To handle the individual jobs, we used a master-worker design, where the master was taking care of the scheduled delivery (throttling) of the jobs to a multi-threaded pool of workers.

If I had to do this again today, I'd rely on a ScheduledThreadPoolExecutor to manage the 'micro-scheduling'. For your case, it would look something like this:

ScheduledThreadPoolExecutor scheduledExecutor;
...
    scheduledExecutor = new ScheduledThreadPoolExecutor(THREAD_POOL_SIZE);
...

// Evenly spread the execution of a set of tasks over a period of time
public void schedule(Set<Task> taskSet, long timePeriod, TimeUnit timeUnit) {
    if (taskSet.isEmpty()) return; // or indicate some failure ...
    long period = TimeUnit.MILLISECOND.convert(timePeriod, timeUnit);
    long delay = period/taskSet.size();
    long accumulativeDelay = 0;
    for (Task task:taskSet) {
        scheduledExecutor.schedule(task, accumulativeDelay, TimeUnit.MILLISECOND);
        accumulativeDelay += delay;
    }
}

This gives you a general idea on how use the JDK facility to micro-schedule tasks. (Disclaimer: You need to make this robust for a prod environment, like check failing tasks, manage retries (if supported), etc...).

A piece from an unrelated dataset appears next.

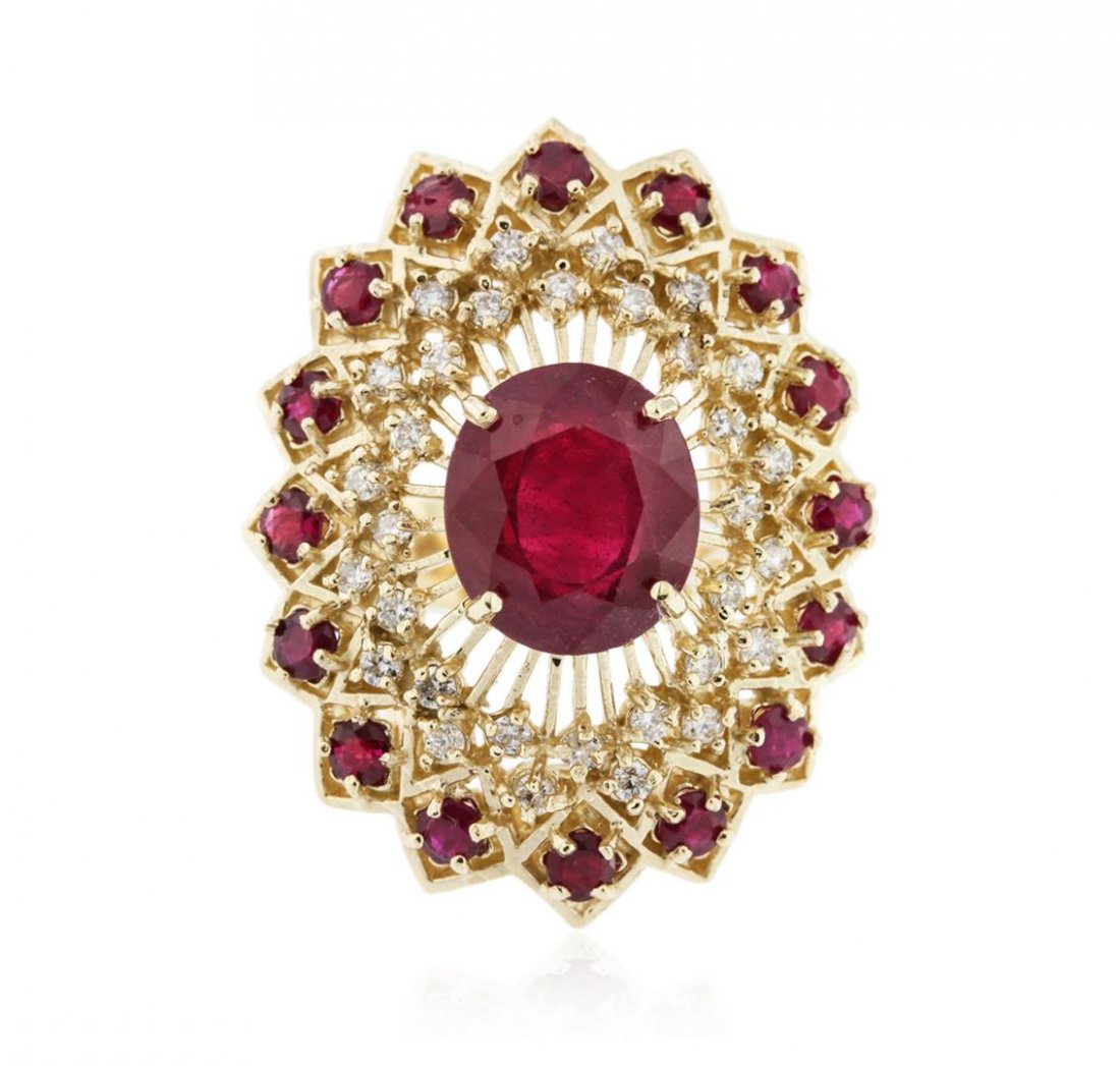 14K Yellow Gold 6.82ct Ruby and 1.51ct Diamond Ring

With some testing + tuning, we found an optimal balance between the Quartz jobs and the amount of jobs in one scheduled set.

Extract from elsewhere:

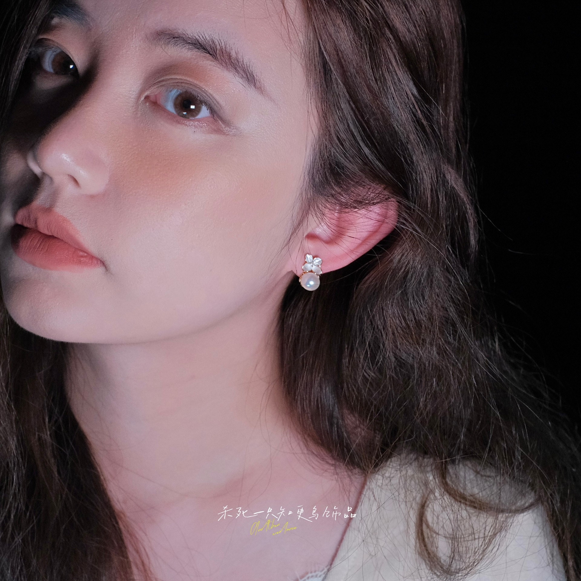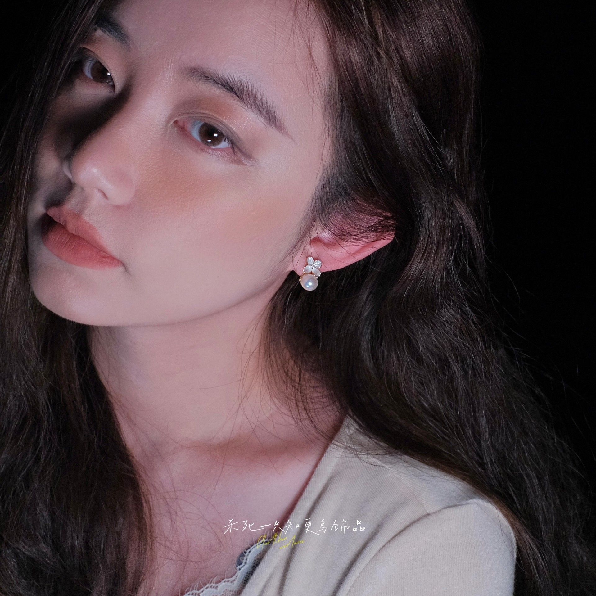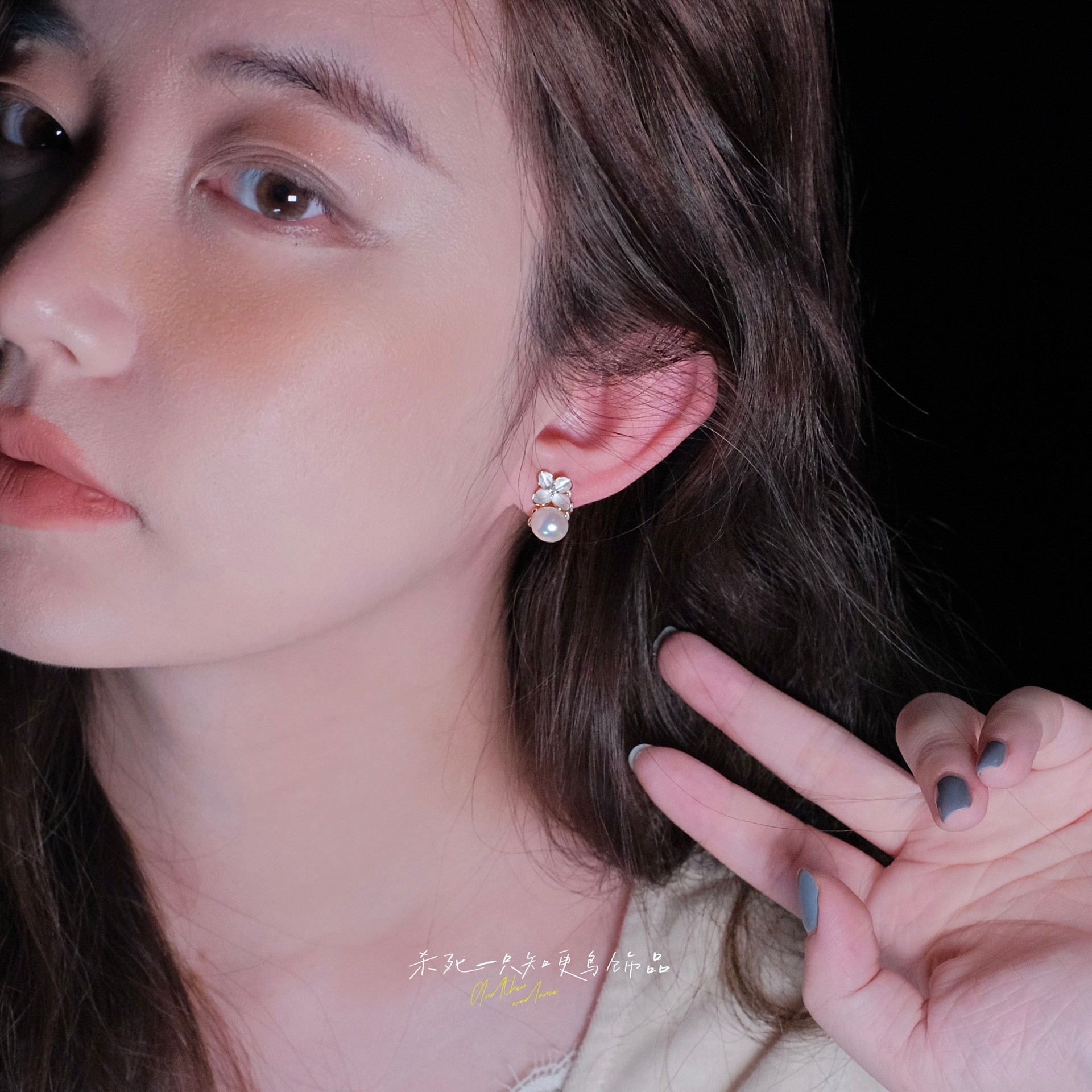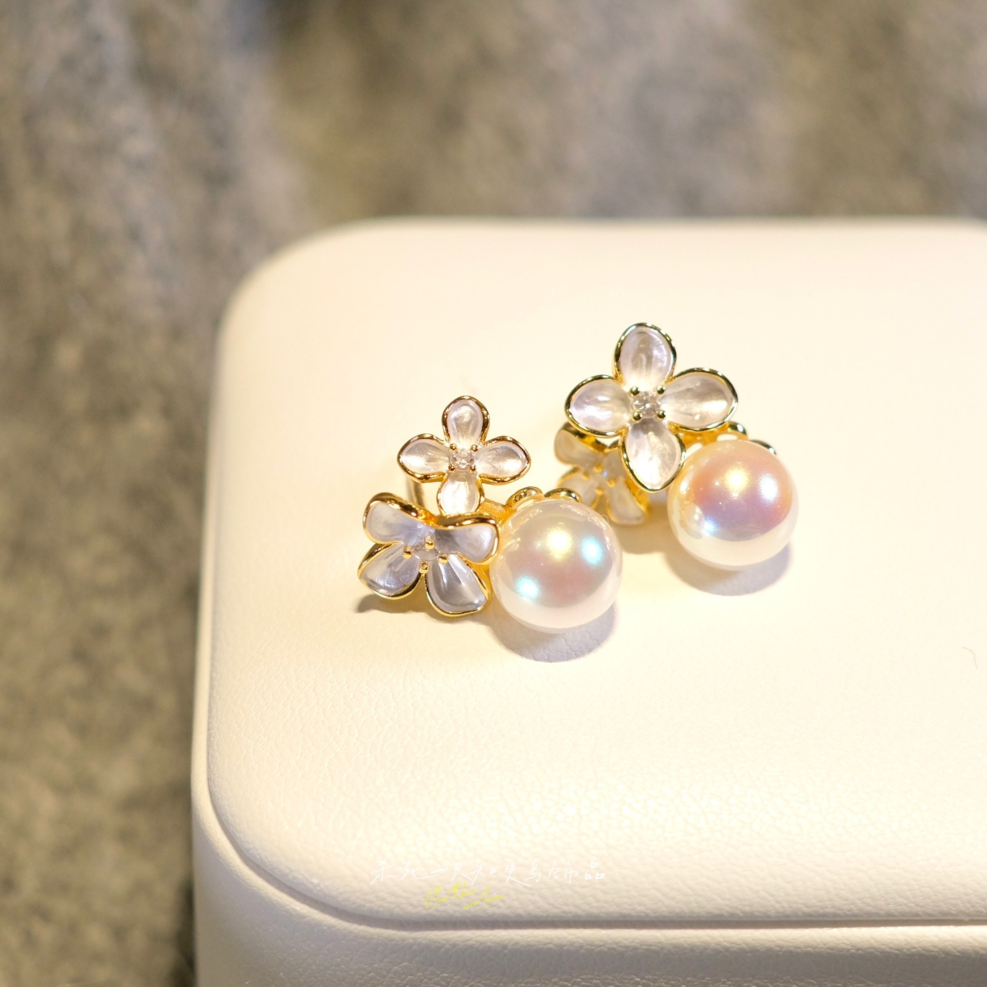 《花朝节》春夏温柔珐琅釉白色花朵粉光珍珠简约气质轻奢耳钉耳环

We experienced a 100X throughput improvement in this way. Network bandwidth was our actual limit.

6
votes

First of all check How do I improve the performance of JDBC-JobStore? in Quartz documentation.

As you can probably guess there is in absolute value and definite metric. It all depends on your setup. However here are few hints:

  • 20 jobs per second means around 100 database queries per second, including updates and locking. That's quite a lot!

  • Consider distributing your Quartz setup to cluster. However if database is a bottleneck, it won't help you. Maybe TerracottaJobStore will come to the rescue?

  • Having K cores in the system everything less than K will underutilize your system. If your jobs are CPU intensive, K is fine. If they are calling external web services, blocking or sleeping, consider much bigger values. However more than 100-200 threads will significantly slow down your system due to context switching.

  • Have you tried profiling? What is your machine doing most of the time? Can you post thread dump? I suspect poor database performance rather than CPU, but it depends on your use case.

2
votes

You should limit your number of threads to somewhere between n and n*3 where n is the number of processors available. Spinning up more threads is going to cause a lot of context switching, since most of them will be blocked most of the time.

As far as jobs per second, it really depends on how long the jobs run and how often they're blocked for operations like network and disk io.

Also, something to consider is that perhaps quartz isn't the tool you need. If you're sending off 1-2 million jobs a day, you might want to look into a custom solution. What are you even doing with 2 million jobs a day?!

Another option, which is a really bad way to approach the problem, but sometimes works... what is the server it's running on? Is it an older server? It might be bumping up the ram or other specs on it will give you some extra 'umph'. Not the best solution, for sure, because that delays the problem, not addresses, but if you're in a crunch it might help.

0
votes

In situations with high amount of jobs per second make sure your sql server uses row lock and not table lock. In mysql this is done by using InnoDB storage engine, and not the default MyISAM storage engine which only supplies table lock.

0
votes

Fundamentally the approach of doing 1 item at a time is doomed and inefficient when you're dealing with such a large number of things to do within such a short time. You need to group things - the suggested approach of using a job set that then micro-schedules each individual job is a first step, but that still means doing a whole lot of almost nothing per job. Better would be to improve your webservice so you can tell it to process N items at a time, and then invoke it with sets of items to process. And even better is to avoid doing this sort of thing via webservices and process them all inside a database, as sets, which is what databases are good for. Any sort of job that processes one item at a time is fundamentally an unscalable design.